I didn't find this post anti-science. I thought that - as usual - Dan is advising consumers to think for themselves, not just once but throughout their lives, so that you do not end up following (perhaps blindly) some Stated Truth. Nothing is true, and everything is true. The point is that knowledge is a moving target.
You cannot take one thing you learned at fifteen, run the rest of your life according to that one thing, and expect all the new challenges of life to be adequately met by that one thing.
Janet, thanks as always for your thoughts, but help me understand: How is it anti-science to point out an instance where the scientific consensus was wrong about something?
If anything, that is strongly PRO-science. After all, who do you think figured out that the prior recommendations were wrong?
DK
Maybe "anti-science" was a poor choice of words, Dan. I was thinking of individuals who always challenge current scientific thought by coming up with their own "scientific" studies that seem to dispute it...until of course they themselves and their "science" is proved wrong. The folks who think that vaccination causes autism are a prime example of this: they claim to have scientific studies to back up their claims, but said studies were later thoroughly debunked. My real point was that if we want to be pro-science we need to equip our public better to know what is valid research and what isn't. And we do need to be able to evaluate new research that seems to contradict old beliefs to tell which position is most valid. I don't think the average individual today has that ability. And until they do, I think its dangerous to imply that you can't trust anything the government puts in print. And that's sort of the tone I got from your article, that's all. Just because they got it wrong this time doesn't mean that there isn't a lot out there they DID get right, and we should give them some credit. I would hate to see someone out there say "See, the government was wrong about the food pyramid. Well, maybe they are wrong about why I should vaccinate my kids too. I feel better about making that decision not to vaccinate them now!" I would just feel better if there was somehow a disclaimer in your writing or at least a sense that you are talking about a specific situation.
Janet:
I hear your concerns and I respect them. But we should always be careful when we say what a post implies. Here's what I mean.
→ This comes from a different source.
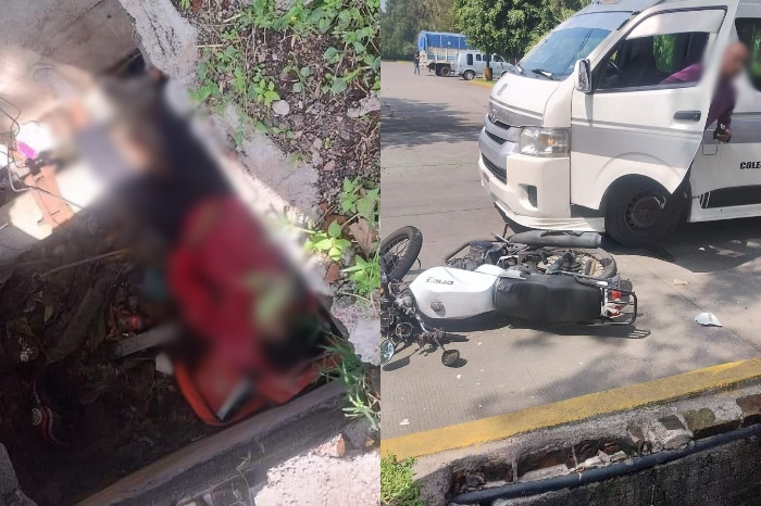 El incidente ocurrió alrededor de las 10:30 horas en la avenida Francisco I. Madero Poniente, a la altura del Bodega Aurrera de Tres Puentes, cuando la motocicleta fue impactada por la combi de la ruta gris 3. Debido al golpe, el conductor cayó dentro de la alcantarilla de aproximadamente 2 metros de profundidad, quedando lesionado.

When you say in your comment:
<<"I would hate to see someone out there say "See, the government was wrong about the food pyramid. Well, maybe they are wrong about why I should vaccinate my kids too. I feel better about making that decision not to vaccinate them now!"<<
Careful here: That "someone" you speak of is hypothetical, created out of whole cloth and projected onto this debate. That's a logical fallacy: Just because you bring in a hypothetical reader who would interpret this post to mean something doesn't mean that this post actually means that thing.
[Sidebar for curious readers: I've discussed this logic fallacy elsewhere, in a different context, in my "Yes-But" posts, here at CK.]
The context for this post is clearly about food and flawed government dietary guidelines. I don't know how to make it more clear than that.
DK
Marcia: I want to thank you for bringing up this topic and giving me the idea for this post in the first place.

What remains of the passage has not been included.